During the examination conducted from March 2016 to March 2017, the CRA reportedly blocked some 29 million calls — over half its total call volume of 53.5 million — because the call centres could not accommodate them all. Callers who could not get through within two minutes would hear a busy signal, or be prompted to either visit the website or try calling again.
Prior to the auditor general’s review, the CRA said that roughly 90% of callers were able to get connected to a call centre agent or the agency’s automated self-service system.

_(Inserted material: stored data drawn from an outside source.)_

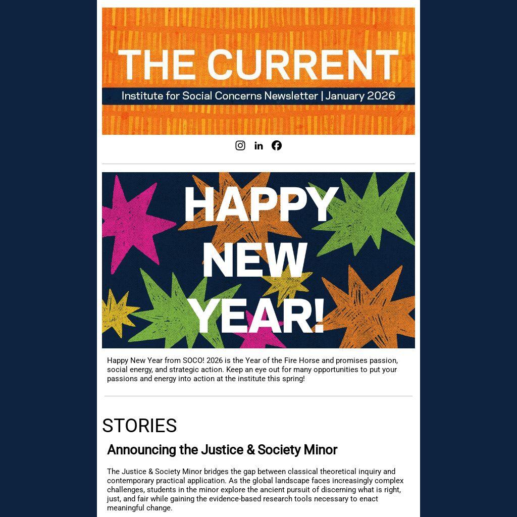 Happy New Year from SOCO! 2026 is the Year of the Fire Horse and promises passion, social energy, and strategic action. Keep an eye out for many opportunities to put your passions and energy into action at the institute this spring!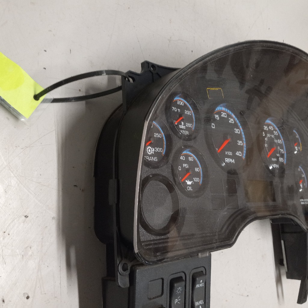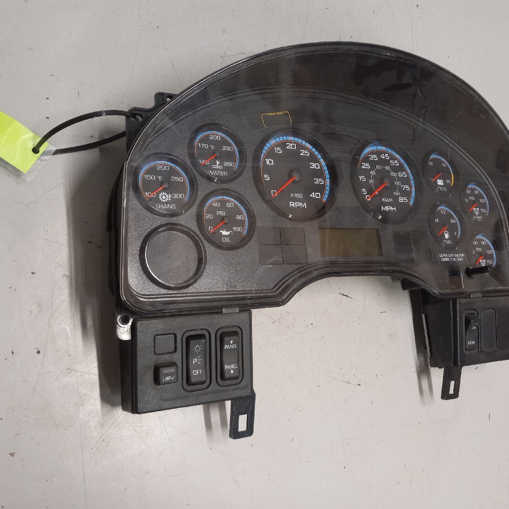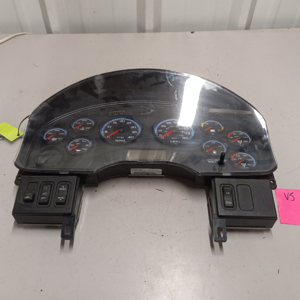 Quality used instrument cluster for 2010+ and newer International vehicles wiutrh transmission temp gauge, water temp gauge, oil temp gauge, RPM gauge, MPH gauge, volts gauge, fuel gauge, and brake air gauge, backed by our standard warranty.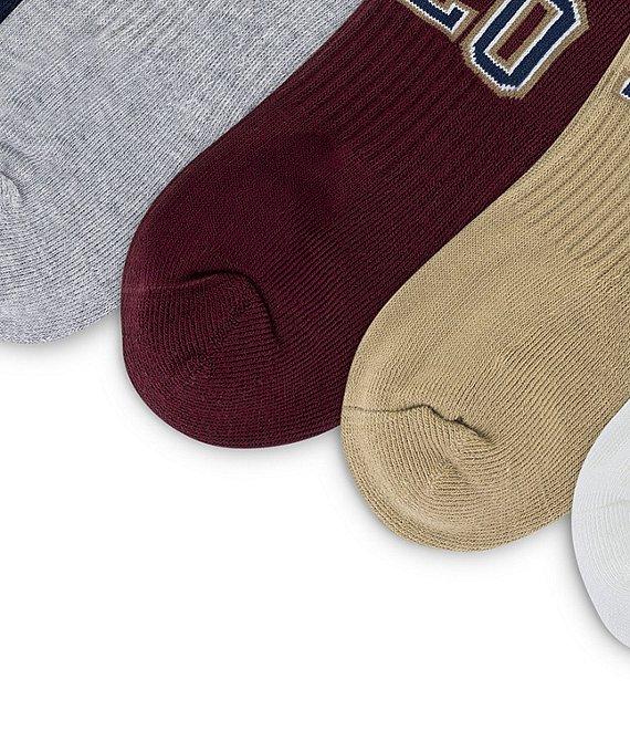 From Polo Ralph Lauren, this 6-pack of socks features: (6) pairs of crew socks 144-needle count construction "Polo" block lettering and signature embroidered "Pony" 3x1 mock rib 3x1 mock rib arch support Reinforced heel and toe Flat toe seaming One size fits men's shoe sizes 6-12.5 Recycled polyester/other fibers/spandex (exclusive of decoration) Machine wash/tumble dry Imported.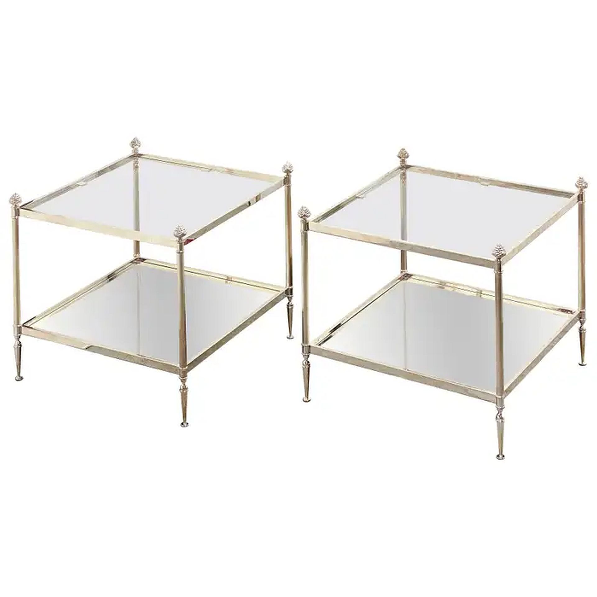 A pair of elegant French two-tiered low side or end tables in the Mid-Century Modern style - each table featuring one square glass panel top inset upon a silvered metal frame over a bottom tier with an inset mirrored glass panel - accented with decorative finials and reeded, tapering legs.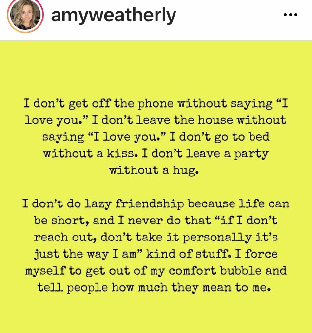 It’s made me think, and from first hand experience of an unexpected brain injury from car accident you never know what is on your/the ones you love and care about paths. Tell people you love them.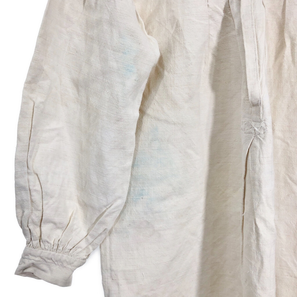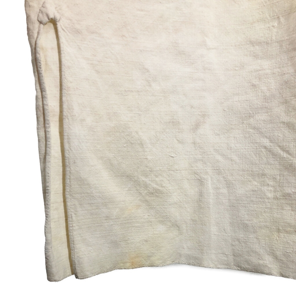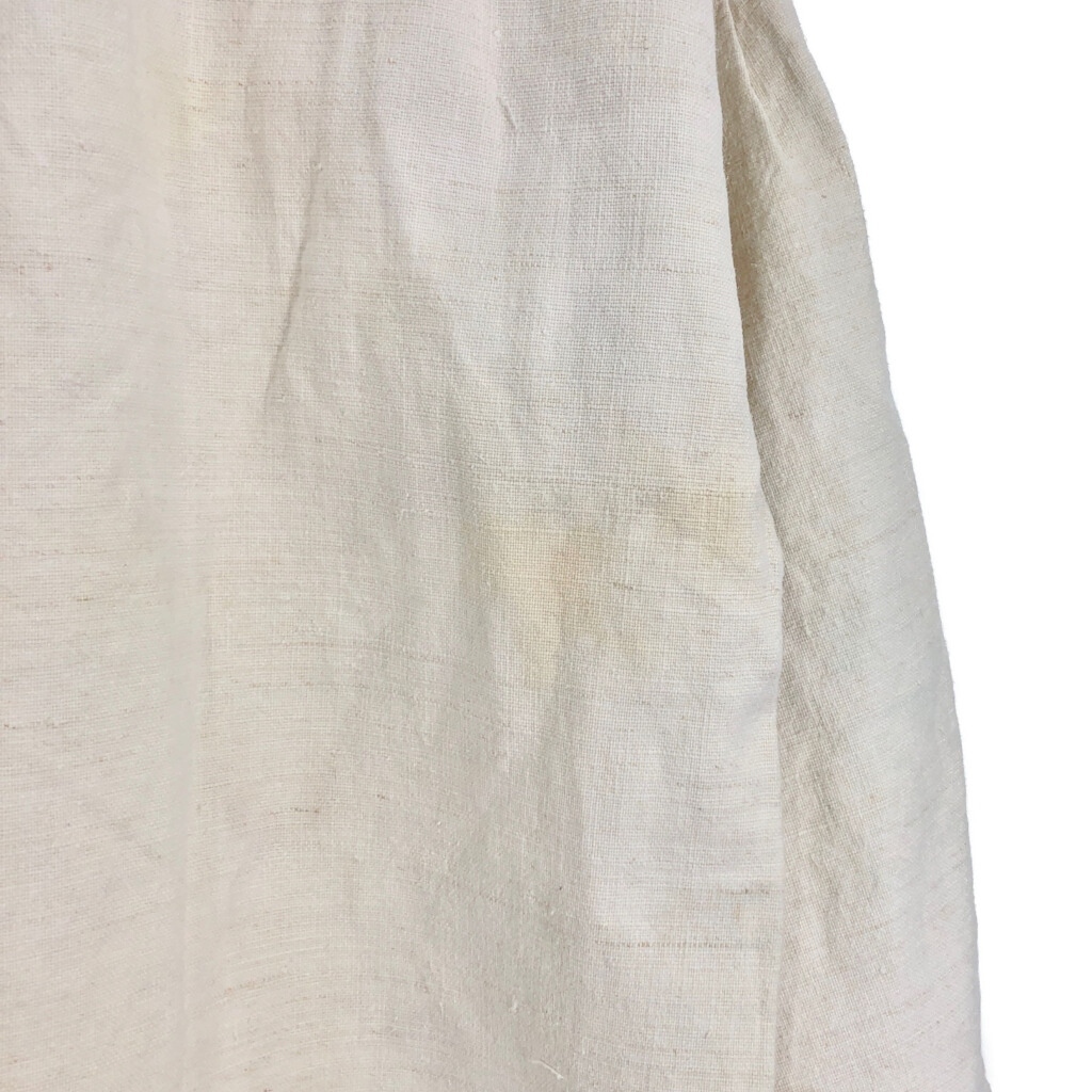 | 【商品管理番号】 R8201 【サイズ】 XL相当 【実寸サイズ】 肩幅:約51cm 着丈:約96cm 身幅:約63cm 袖丈:約49cm 【主な素材】 表地 : 麻・リネン 【色】 アイボリー 【仕様】 30年代 ヴィンテージ、ユーロ フレンチリネン スモック 【状態】 汚れ:全体 特記事項:タグ欠損、色移り | |||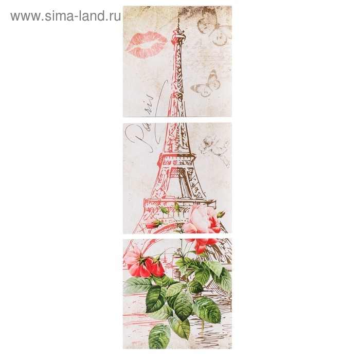 Модульная картина "Романтичный Париж" 111х37 см (3 - 37х37см)

It turned out that the agency had not accounted for millions of calls that were blocked; considering the blocked attempts, the agency’s overall success rate plunged to 36%.
Among callers who got through to a call centre during the audit, nearly 30% were given incorrect information — a statistic that Ferguson called “very concerning.”
“Every time the answer that they get from the call centre isn’t a right answer, there’s always the potential that that is going to impact individuals,” he said. “If taxpayers cannot get timely access to accurate information, they may file incorrect returns, miss filing deadlines, pay too little or too much tax (and later be subject to reassessment), or miss out on benefits they are eligible to receive.”
Responding to the report, National Revenue Minister Diane Lebouthillier said the CRA will be updating its call centre technology to update callers on current wait times, improve agent training, and setting up a “national quality control team.” She also promised to improve the quality and clarity of information that the agency provides.